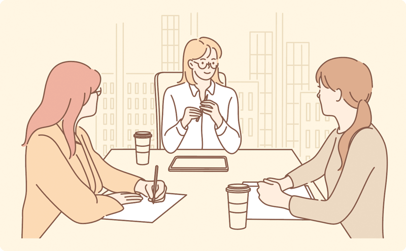 コンサルタントからアドバイスをもらいながら、
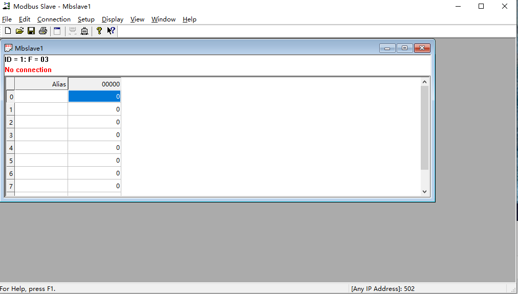 其中:Tx = 4表示向主站发送数据帧次数,图中为4次; Error = 0表示通讯错误次数,图中为0次; ID = 1表示模拟的Modbus子设备的设备地址,图中地址为1;F = 03表示所使用的Modbus功能码,图中为03功能码; SR = 1000ms表示扫描周期。红字部分,表示当前的错误状态,“No Connection”表示未连接状态。
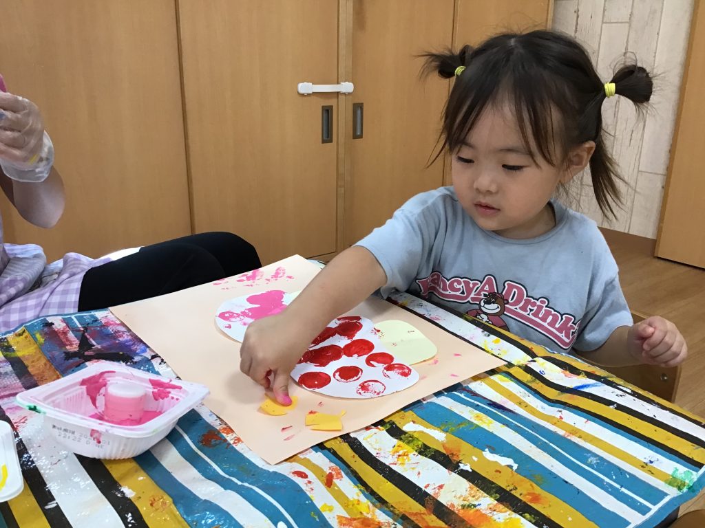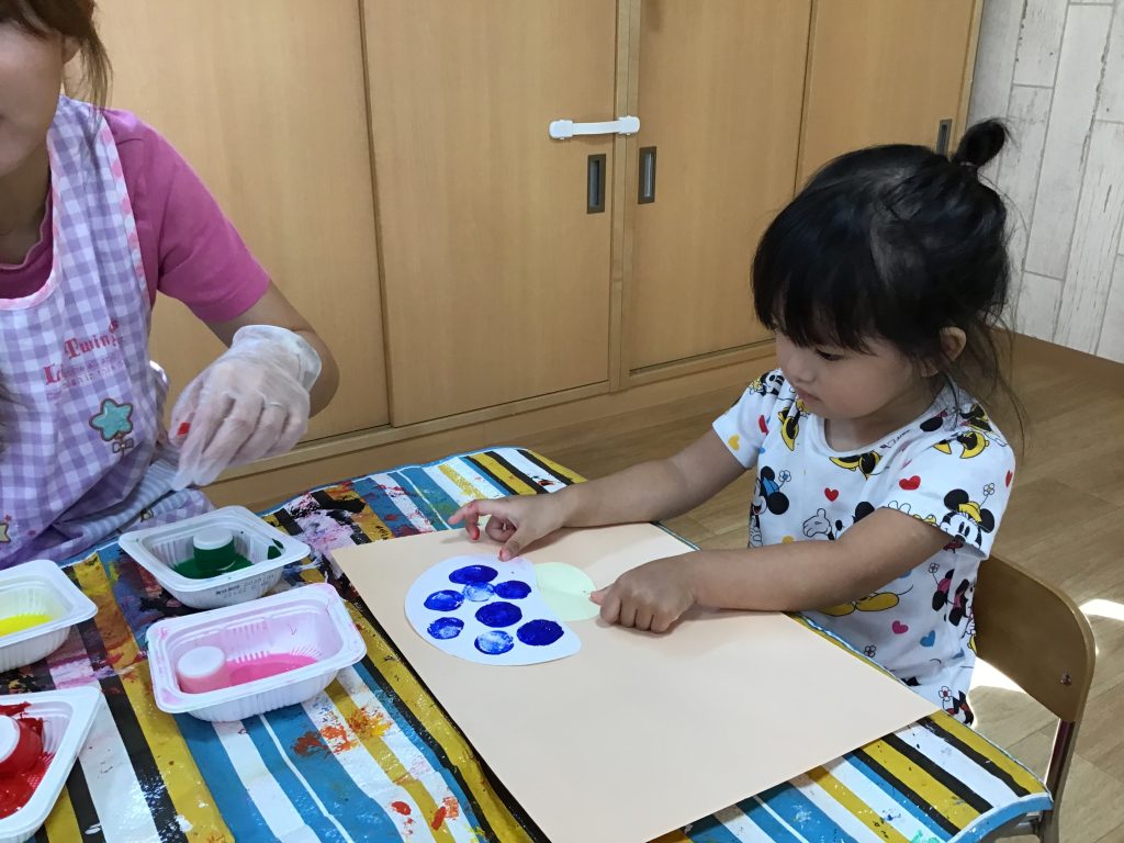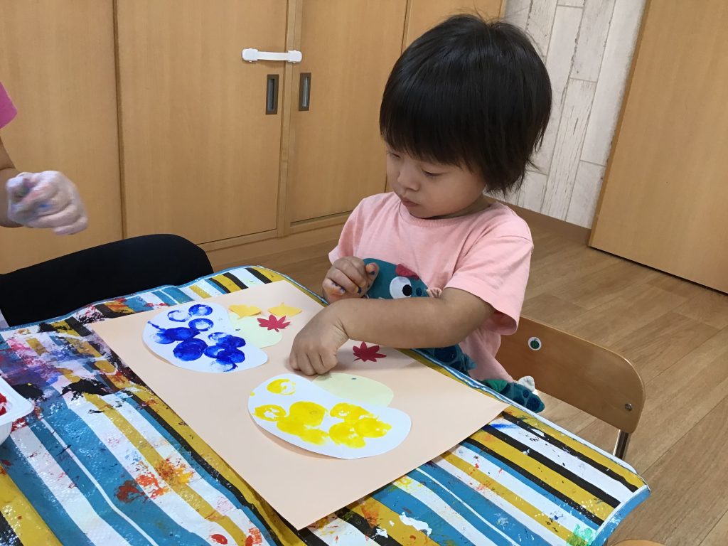 🐣ひよこ組(0歳児)『お月見』~お花紙をにぎにぎして満月を。ポンポンとたんぽで真っ暗な秋の空を表現しました!

*TASK TO COMPLETE*: Would you transcribe all of the data exactly, omitting any pictures?

*SOLUTION FOR THIS EXERCISE*:
 コンサルタントからアドバイスをもらいながら、
 其中:Tx = 4表示向主站发送数据帧次数,图中为4次; Error = 0表示通讯错误次数,图中为0次; ID = 1表示模拟的Modbus子设备的设备地址,图中地址为1;F = 03表示所使用的Modbus功能码,图中为03功能码; SR = 1000ms表示扫描周期。红字部分,表示当前的错误状态,“No Connection”表示未连接状态。
 🐣ひよこ組(0歳児)『お月見』~お花紙をにぎにぎして満月を。ポンポンとたんぽで真っ暗な秋の空を表現しました!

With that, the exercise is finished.